Detection of DNA Damage and Active Caspase-3 by Flow Cytometry
Caco2 (sh-scrambled) and Caco2 (sh-hGpx3) cells were treated with H2O2 (100 μM) for 4 hours and washed with PBS, fixed in 0.1% paraformaldehyde, and permeabilized with 100% methanol on ice. Levels of DNA damage and active caspase-3 were assessed as described previously (35). In brief, cells were incubated with rabbit anti-active caspase-3 antibody conjugated with phycoerythrin (PE; dilution 1:50; BD Biosciences) and 8-oxoguanosine– binding peptide conjugated with fluorescein isothiocyanate (dilution 1:100) for 30 minutesat room temperature. Cells were acquired with a BD LSRII system (BD Biosciences) and analyzed using FlowJo software (Star tree, Ashland, OR).

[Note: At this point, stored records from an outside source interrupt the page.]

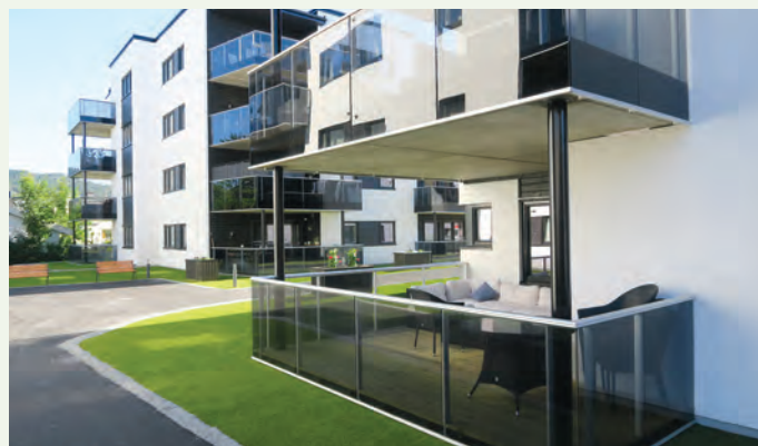
Leilighetene har store balkonger.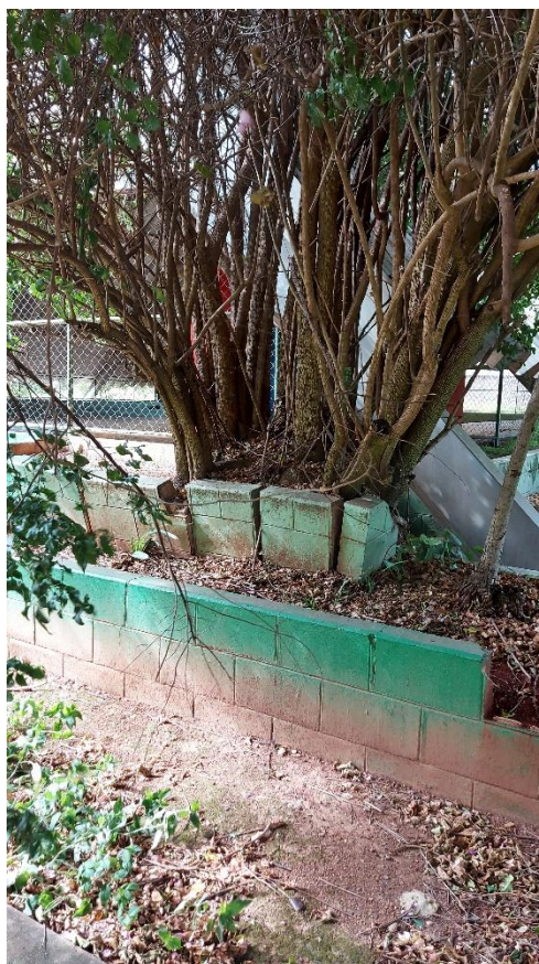
Fotos 08 e 09: Leucena e Primavera em canteiro lateral à quadra, com raízes causando danos às estruturas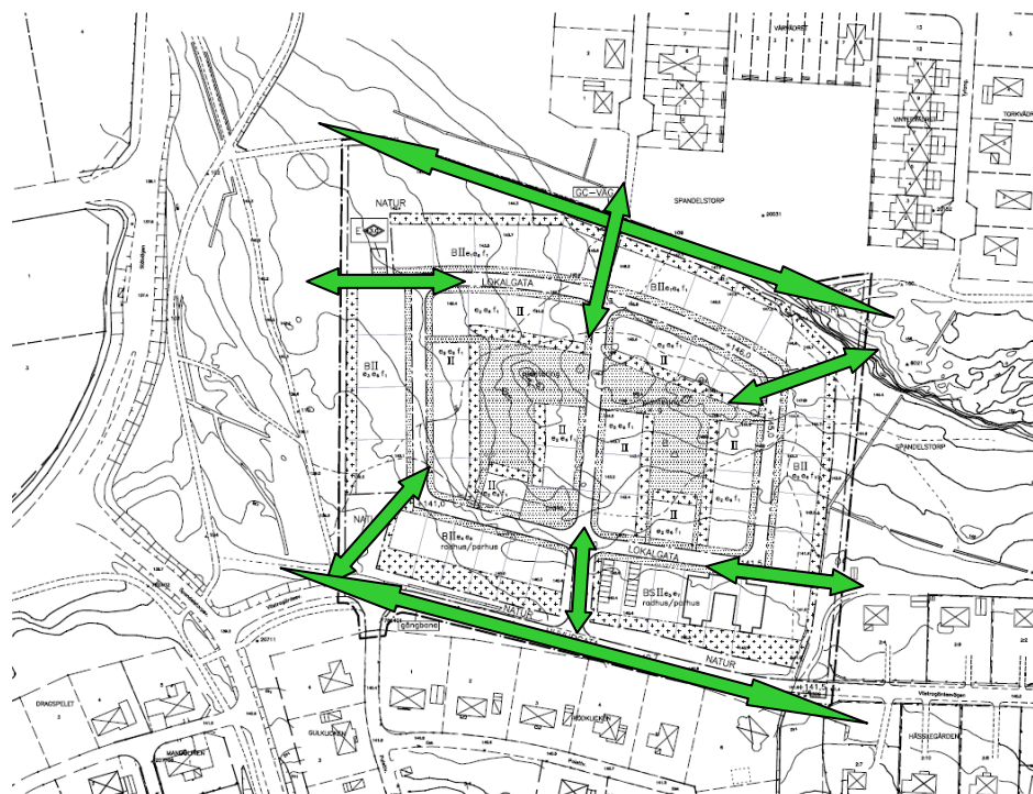
Kartan visar allmänhetens möjligheter till passage genom/förbi området efter förslagets genomförande (gröna pilar). Värt att notera är anläggandet av gångbana längs Västra Gärdesvägen.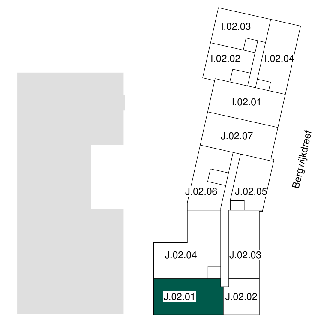
tweede verdieping schaal 1 : 500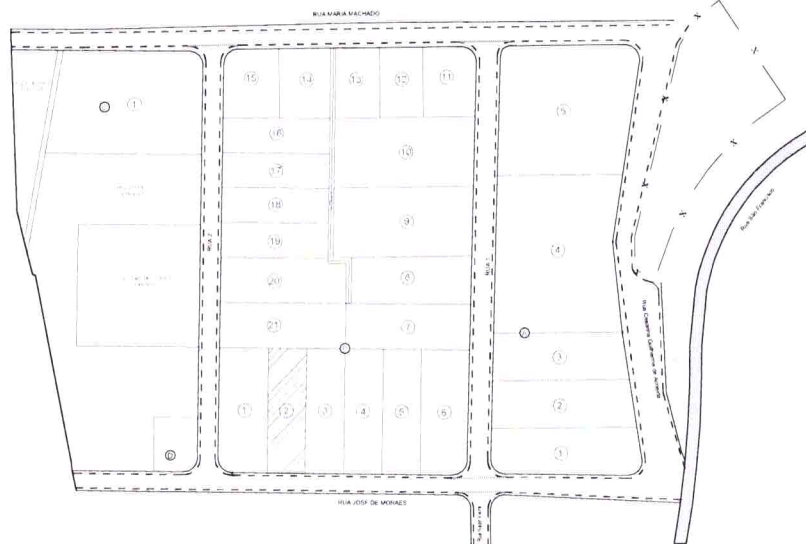
Croqui de Localização

Matrigel Colony Formation Assay
The day prior to Matrigel plating, Matrigel (BD, 354234) at 9 mg/ml was thawed overnight in ice at 4°C. For each well of a 48-well plate, 50 μl ice cold Caco2 media (DMEM supplemented with 10% FBS and pen/strep) was mixed with 50 μl Matrigel. Plates were then allowed to solidify at 37°C for thirty minutes. Caco2 cells were trypsinized, washed with PBS, and diluted to 10,000 cells/ml in 2 ml media. A 1:1 mixture of cells and Matrigel was added to the wells in the prepared 48-well plate and incubated at 37°C for thirty minutes. To avoid drying, 200 μl complete Caco2 media was added to each Matrigel-filled well. Cells were maintained at their normal growth conditions and media was changed every 2–3 days. On day 22, cells were counted using GelCount (Oxford Optronix, Oxford, UK).
Results
Glutathione peroxidase activity is decreased and oxidative stress is increased in AOM/DSS-treated mice
Gpx3 is often downregulated in cancer (15–18) and we sought to determine whether its expression or activity was altered in the AOM/DSS model of inflammatory carcinogenesis. For these experiments, 7–8 week old mice were injected with AOM and treated with 4 cycles of DSS as defined in the Methods section and shown in Figure 1A. During the course of this protocol, six Gpx3−/− mice died (lost over 20% of original body weight and were sacrificed), two after cycle 1, two after cycle 2, and two during cycle 4 of DSS. Whereas, as is typical with this protocol, two WT mice died, both after cycle 4, a time when we usually see mortality. These mice were not included in the final analysis. This increased morbidity suggests that Gpx3 may protect the mucosa from DSS induced injury.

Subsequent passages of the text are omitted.